I instead strongly expect that the story would just repeat. The training process (or whatever process spits out the AGI) would end up creating some extremely specific conditions in which the AGI is learning the values. Its values would then necessarily be some complicated functions over weird mixes of the abstractions-natural-to-the-dataset-it’s-trained-on, with their specifics being highly contingent on some invisible-to-us details of that process.
It would not be just “eudaimonia”, it’d be some weird nonlinear function of eudaimonia and a random grab-bag of other things, including the “Beta-specific” abstractions that formed within the AGI over the course of training. And the output would not necessarily have anything to do with “eudaimonia” in any recognizable way, the way “avoid predators” is unrecognizable in terms of “rocks” and “aerodynamics”, and “human values” are unrecognizable in terms of “avoid predators” or “maximize children”.
- Noosphere89 23 Sep 2024 14:33 UTC
  4 points
  2
  Parent
  I feel like the difference between the Alpha and Beta examples and my examples mediate through your examples having basically no control of Beta’s data at all, and my examples having far more control over what data is learned by the AI.
  
  I think the key crux is whether we have much more control over AI data sources than evolution.
  
  If I agreed with you that we would have essentially no control on what data the AI has, I’d be a lot more worried, but I don’t think this is true, and I expect future AIs, including AGIs, to be a lot more built than grown, and for a lot of their data to be very carefully controlled via synthetic data, for simple capabilities reasons, but this can also be used for alignment strategies.
  
  I think another disagreement is I basically don’t buy the evolution analogy for DL, and I think there are some deep disanalogies (the big one for now is again how much more control over data sources than evolution, and this is only set to increase with synthetic data).
  
  So I basically don’t expect this to happen:
  
  I instead strongly expect that the story would just repeat. The training process (or whatever process spits out the AGI) would end up creating some extremely specific conditions in which the AGI is learning the values.
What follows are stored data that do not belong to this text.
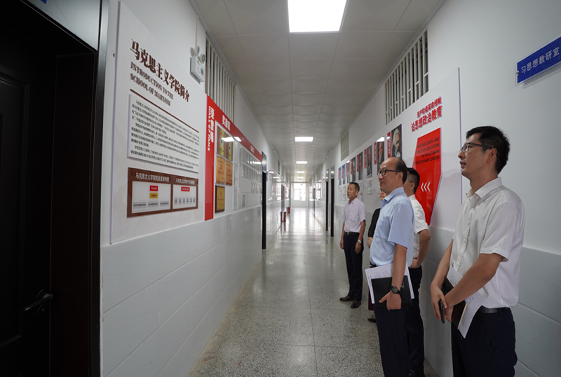 调研伊始,校领导一行首先参观了马克思主义学院文化墙。新落成的马克思主义学院文化墙涵盖六大板块:无产阶级革命领袖论思想政治教育、中国共产党辉煌历程、马克思主义学院简介、思政课建设成果、荣誉展示墙及教师风采栏。文化墙全面展现了马克思主义学院在党建引领、理论研究、教学建设与队伍发展等方面的扎实基础与鲜明特色。校领导对文化墙所营造的浓厚思想政治教育文化氛围给予充分肯定。
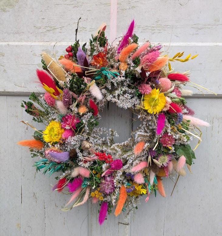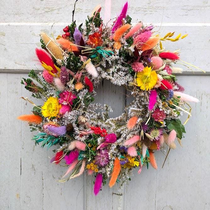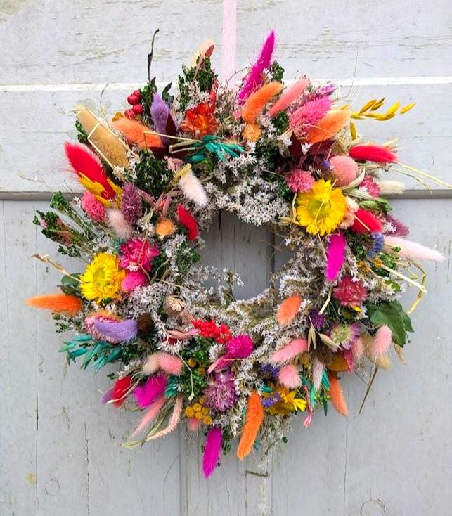 der Kranz wird frisch nach einer sorgfältigen Auswahl an Trockenblumen auf einem stabilen Metallring gebunden. Verwendete Materialien Tatarica, Gräser, Lagurus, Hafer, Sisal und Strohblumen.
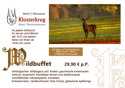 An jedem Mittwoch im Januar und Februar laden wir Sie ab 18 Uhr zu unserem Wildbuffet im Klosterkrug ein.
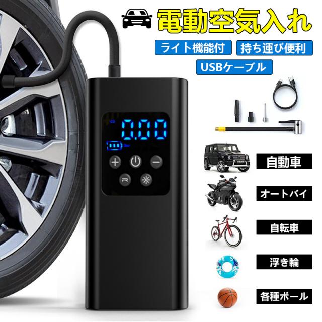 電動空気入れ 自動車 エアーポンプ 充電式 車 バイク 自転車 ボール タイヤ 浮き輪 USB コンプレッサー 軽量 小型 事故防止 防災 懐中電灯
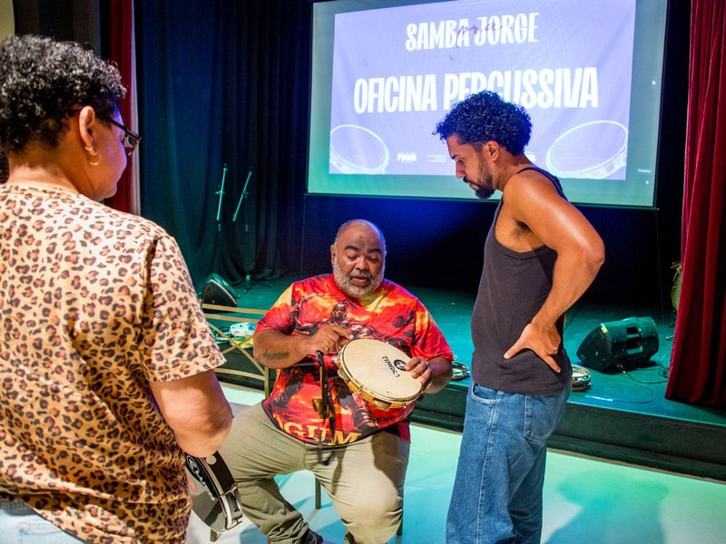 Samba da Periferia leva oficina percussiva e debate sobre fé e cultura ao Theatro Homerinho com ações do PNAB
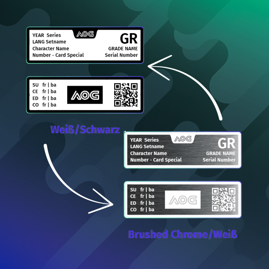 Beim AOG-Grading entscheidest du selbst, welches Label deine Karte erhält. Ob Weiß/Schwarz oder brushed Chrome/Weiß – du hast die Wahl! So passt das Grading perfekt zu deinem Stil und verleiht deiner Karte einen individuellen Look, der sie noch einzigartiger macht.
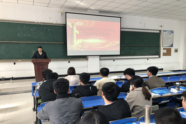 2019年3月6日中午,在党支部书记石中尼带领下,精诚书院学生第二党支部全体党员于新乡校区问学楼502教室,深入贯彻学习《中国共产党纪律处分条例》。
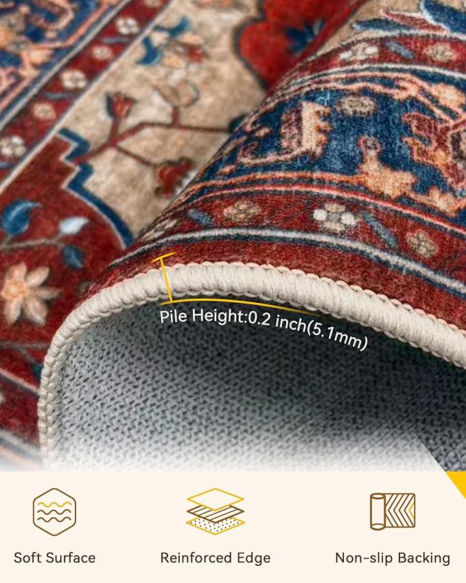 RELEANY Area Rugs 6'x9' Washable Non-Slip, Floral Vintage Distress Print Pattern Medallion Carpet for Living Room Bedroom Dining Room, Red Blue

Its values would then necessarily be some complicated functions over weird mixes of the abstractions-natural-to-the-dataset-it’s-trained-on, with their specifics being highly contingent on some invisible-to-us details of that process.
  
  Pretty much all of your examples rely on the Alpha being unable to control the data learnt by Beta, and if this isn’t the case, your examples break down.
- Benjy_Forstadt 23 Sep 2024 6:40 UTC
  1 point
  0
  Parent
  I don’t think the way you split things up into Alpha and Beta quite carves things at the joints. If you take an individual human as Beta, then stuff like “eudaimonia” is in Alpha—it’s a concept in the cultural environment that we get exposed to and sometimes come to value. The vast majority of an individual human’s values are not new abstractions that we develop over the course of our training process (for most people at least).
  - Benjy_Forstadt 23 Sep 2024 15:15 UTC
    1 point
    0
    Parent
    Basically people tend to value stuff they perceive in the biophysical environment and stuff they learn about through the social environment.
    
    So that reduces the complexity of the problem—it’s not a matter of designing a learning algorithm that both derives and comes to value human abstractions from observations of gas particles or whatever. That’s not what humans do either.
    
    Okay then, why aren’t we star-maximizers or number-of-nation-states maximizers? Obviously it’s not just a matter of learning about the concept. The details of how we get values hooked up to an AGI’s motivations will depend on the particular AGI design but probably reward, prompting, scaffolding or the like.